Problem details
Where a picture appears, skip it and copy everything else in the listing exactly.

Data below
= Beginning of Section =

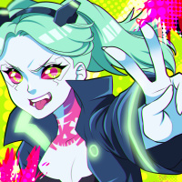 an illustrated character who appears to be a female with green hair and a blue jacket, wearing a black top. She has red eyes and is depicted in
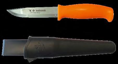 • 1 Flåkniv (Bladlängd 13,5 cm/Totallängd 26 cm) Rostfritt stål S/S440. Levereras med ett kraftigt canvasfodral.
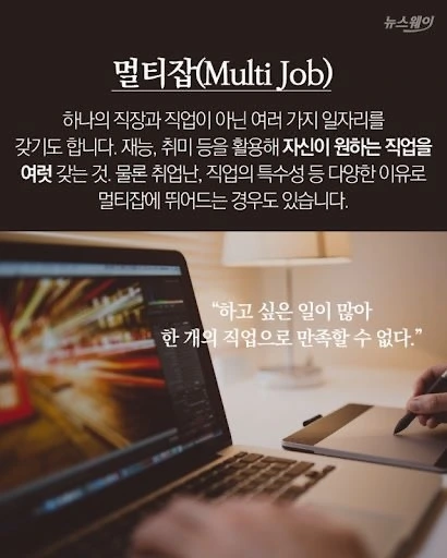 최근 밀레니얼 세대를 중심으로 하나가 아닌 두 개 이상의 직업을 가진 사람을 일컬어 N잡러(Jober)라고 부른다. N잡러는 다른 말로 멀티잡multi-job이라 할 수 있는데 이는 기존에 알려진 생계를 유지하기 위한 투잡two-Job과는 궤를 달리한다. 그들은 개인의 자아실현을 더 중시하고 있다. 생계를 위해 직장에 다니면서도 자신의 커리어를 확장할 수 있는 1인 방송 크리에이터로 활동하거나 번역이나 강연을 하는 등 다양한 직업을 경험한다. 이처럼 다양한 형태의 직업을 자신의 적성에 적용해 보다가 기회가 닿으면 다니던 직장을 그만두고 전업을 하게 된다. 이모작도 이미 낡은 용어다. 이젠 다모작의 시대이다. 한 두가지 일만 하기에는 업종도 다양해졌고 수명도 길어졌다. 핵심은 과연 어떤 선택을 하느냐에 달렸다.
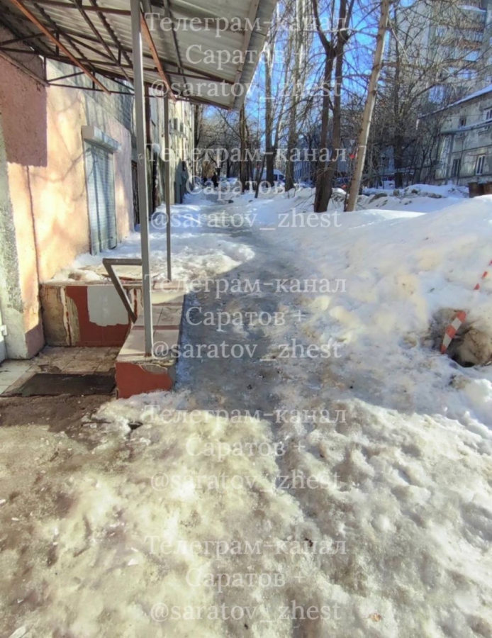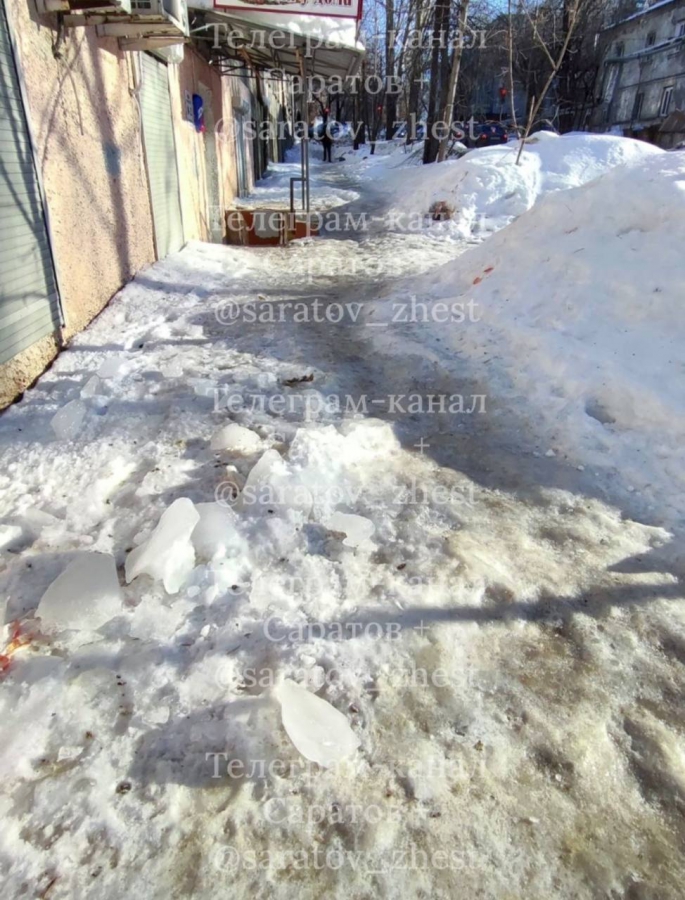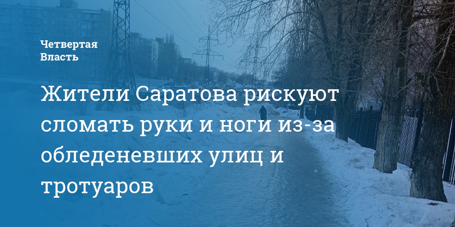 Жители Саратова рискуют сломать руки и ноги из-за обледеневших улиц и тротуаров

= End of Section =

Written response
 an illustrated character who appears to be a female with green hair and a blue jacket, wearing a black top. She has red eyes and is depicted in
 • 1 Flåkniv (Bladlängd 13,5 cm/Totallängd 26 cm) Rostfritt stål S/S440. Levereras med ett kraftigt canvasfodral.
 최근 밀레니얼 세대를 중심으로 하나가 아닌 두 개 이상의 직업을 가진 사람을 일컬어 N잡러(Jober)라고 부른다. N잡러는 다른 말로 멀티잡multi-job이라 할 수 있는데 이는 기존에 알려진 생계를 유지하기 위한 투잡two-Job과는 궤를 달리한다. 그들은 개인의 자아실현을 더 중시하고 있다. 생계를 위해 직장에 다니면서도 자신의 커리어를 확장할 수 있는 1인 방송 크리에이터로 활동하거나 번역이나 강연을 하는 등 다양한 직업을 경험한다. 이처럼 다양한 형태의 직업을 자신의 적성에 적용해 보다가 기회가 닿으면 다니던 직장을 그만두고 전업을 하게 된다. 이모작도 이미 낡은 용어다. 이젠 다모작의 시대이다. 한 두가지 일만 하기에는 업종도 다양해졌고 수명도 길어졌다. 핵심은 과연 어떤 선택을 하느냐에 달렸다.
 Жители Саратова рискуют сломать руки и ноги из-за обледеневших улиц и тротуаров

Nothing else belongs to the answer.